ChatGPT and other large language models (LLM) have proven to be useful for tasks other than generating text. However, in some fields, their performance is confusing. One such area is math, where LLMs can sometimes provide correct solutions to difficult problems while at the same time failing at trivial ones.

There is a body of research that explores the capabilities and limits of LLMs in mathematics. A recent study by researchers at several universities found ChatGPT to perform below an average mathematics graduate student. And a separate study by NYU professor Ernest Davis found that LLMs fail on very simple mathematical problems posed in natural language.

These studies help us better understand the problem-solving gap between humans and deep neural networks. Humans and LLMs might reach the same result on certain mathematical problems, but their methods differ. And this can prove to be critical when it comes to entrusting LLMs (and other deep learning models) with tasks that require planning and reasoning.

ChatGPT struggles with advanced math

math spiral patterns

Mathematics underpins many quantitative domains of knowledge, such as engineering and social sciences. However, non-mathematicians working in these domains might turn to ChatGPT to answer mathematical questions.

“Because ChatGPT always phrases its answers with a high degree of confidence, this group of people might have difficulties telling correct mathematics apart from incorrect mathematical reasoning, which might lead to a bad decision being taken further down the line, since they rely on faulty mathematics,” Simon Frieder, machine learning researcher at Oxford University, said to TechTalks. “Therefore, it is important to inform these groups of the limits of ChatGPT, so that no undue confidence is placed on the usage of ChatGPT.”
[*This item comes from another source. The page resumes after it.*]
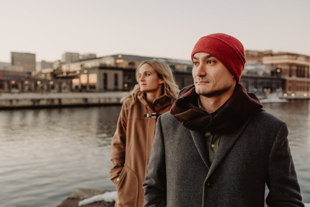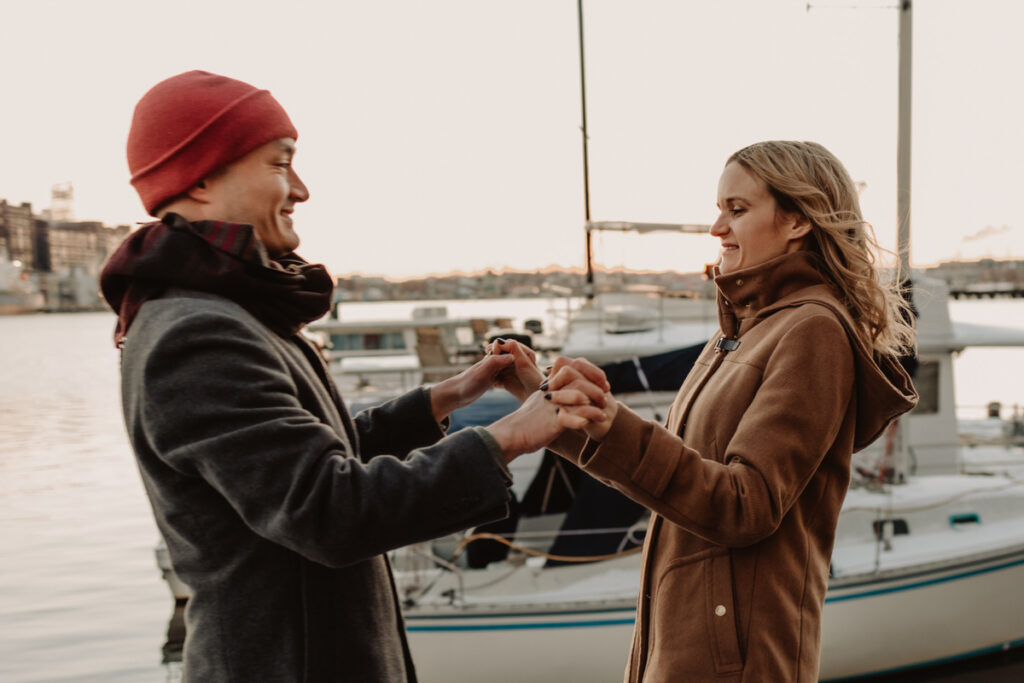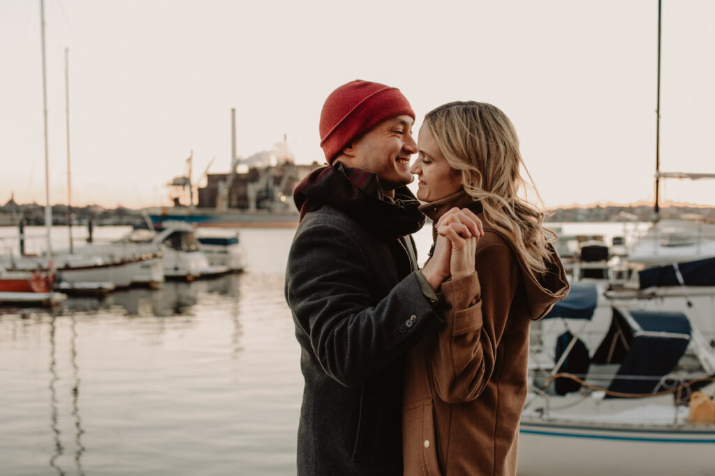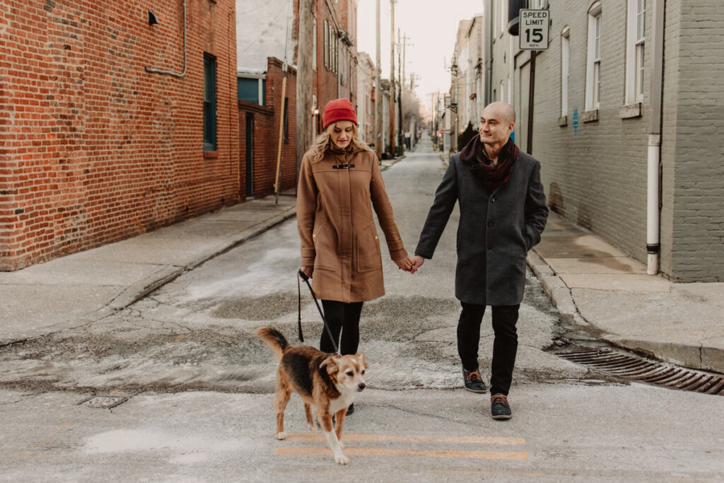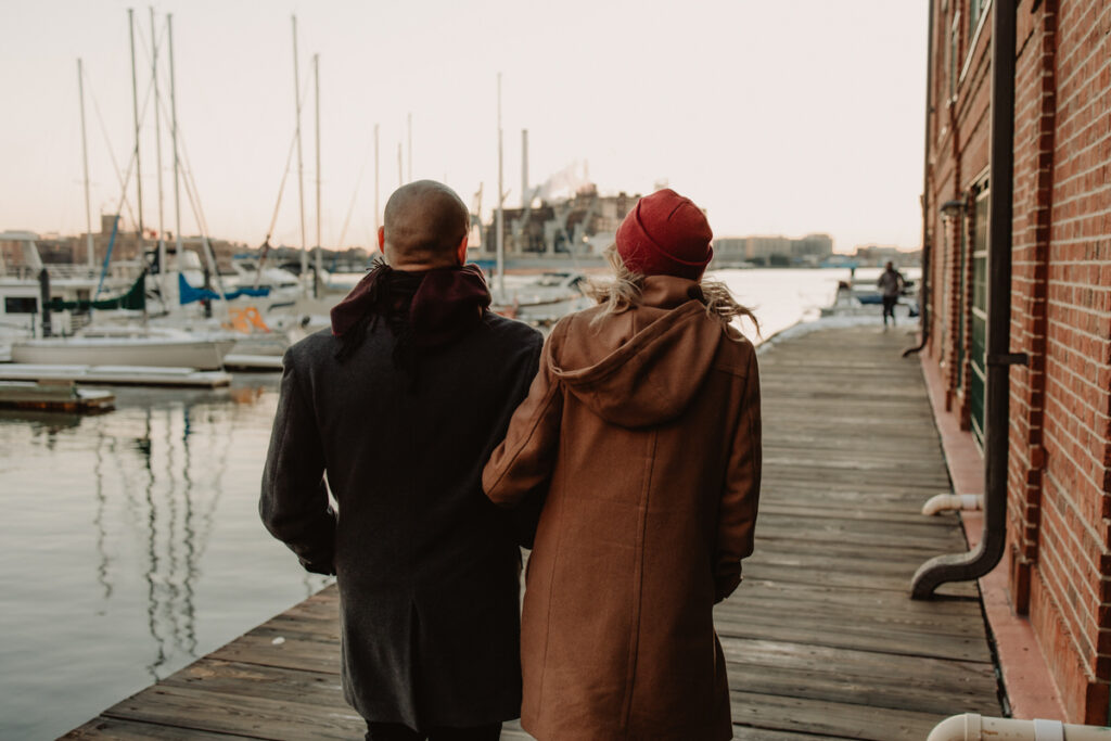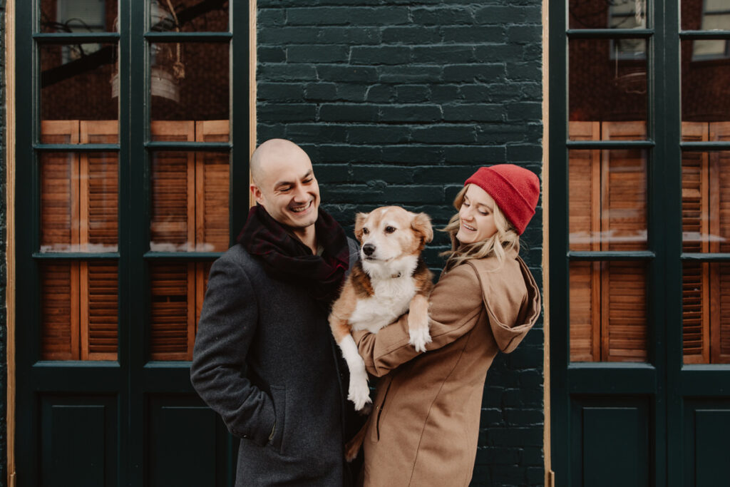 We met in Fells Point in front of the Sagamore Pendry, and decided to hop inside for a minute because we were already freezing before the session even started. We were able to get some cozy moody indoor shots and then some fun, romantic photos in the Sagamore Pendry courtyard. Once we warmed up we decided to have puppy Roux join the party, walked around the streets of Fells point and finished our session with water views and a wonderful wintery golden and blue hour.

Frieder is the co-author of a recent paper that explores ChatGPT’s capacity to emulate the skills required for professional mathematics. The authors have assembled a dataset called GHOSTS, composed of problems in a range of areas including answering computational questions, completing mathematical proofs, solving problems posed in mathematical Olympiads, and searching through math literature.

The problems were pulled from several sources, including graduate-level textbooks, other mathematical datasets, and knowledge corpora.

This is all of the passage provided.